I need help with the following problems I’m facing :

  • I can’t find documentation on isaac::superpixels::RgbdSuperpixelFreespace component, and can’t seem to obtain good freespace segmentation results. I’m especially wondering how to tweak height_angle and height_tolerance parameters, and what’s their role.

  • From what I understand, this component also needs pose between camera and robot, the default one being [0.270598, -0.653281, 0.653281, -0.270598, 0.0, 0.0, 0.775]. What does this correspond to exactly? How could I tweak this for usage with Kaya?

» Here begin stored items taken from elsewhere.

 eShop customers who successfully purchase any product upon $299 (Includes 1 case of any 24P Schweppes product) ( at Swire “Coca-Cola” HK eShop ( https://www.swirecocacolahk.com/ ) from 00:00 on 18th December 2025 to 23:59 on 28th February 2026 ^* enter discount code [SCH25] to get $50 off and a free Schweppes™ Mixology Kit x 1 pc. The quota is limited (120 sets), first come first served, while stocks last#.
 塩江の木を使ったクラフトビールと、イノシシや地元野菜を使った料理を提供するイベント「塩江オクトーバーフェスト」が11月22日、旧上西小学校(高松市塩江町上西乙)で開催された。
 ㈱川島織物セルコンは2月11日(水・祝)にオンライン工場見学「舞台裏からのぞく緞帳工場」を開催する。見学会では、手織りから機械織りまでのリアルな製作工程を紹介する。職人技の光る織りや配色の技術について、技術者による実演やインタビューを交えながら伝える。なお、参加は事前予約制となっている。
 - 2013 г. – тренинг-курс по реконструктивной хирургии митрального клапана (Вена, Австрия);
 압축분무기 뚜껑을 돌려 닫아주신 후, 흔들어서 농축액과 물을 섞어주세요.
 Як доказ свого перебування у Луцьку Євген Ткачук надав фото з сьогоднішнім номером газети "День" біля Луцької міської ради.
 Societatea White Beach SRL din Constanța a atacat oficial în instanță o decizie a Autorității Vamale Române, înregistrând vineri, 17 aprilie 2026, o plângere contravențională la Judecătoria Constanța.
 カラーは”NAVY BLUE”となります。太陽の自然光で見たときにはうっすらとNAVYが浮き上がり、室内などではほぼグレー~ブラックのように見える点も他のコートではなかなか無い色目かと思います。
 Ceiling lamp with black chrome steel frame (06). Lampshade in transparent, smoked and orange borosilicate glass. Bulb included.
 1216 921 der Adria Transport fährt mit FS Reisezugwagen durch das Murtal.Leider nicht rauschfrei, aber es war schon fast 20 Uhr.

  • When I try to run the training script on a prerecorded log containing depth and color image from the Realsense camera, the sample buffer successfully fills up, but I get this error :
    Number of samples in sample buffer: 0
    Number of samples in sample buffer: 1
    2020-06-22 14:48:22.626 ERROR ./messages/image.hpp@74: Image element type does not match: actual=1, expected=2
    This doesn’t crash the program but I still would like to fix it.

Can somebody help me with that?

Also I noticed that in packages/freespace_dnn/apps/freespace_dnn_data_annotation.subgraph.json , value for “label_invalid” parameter was originally 0.2, but this parameter expects an int, which was also giving me an error.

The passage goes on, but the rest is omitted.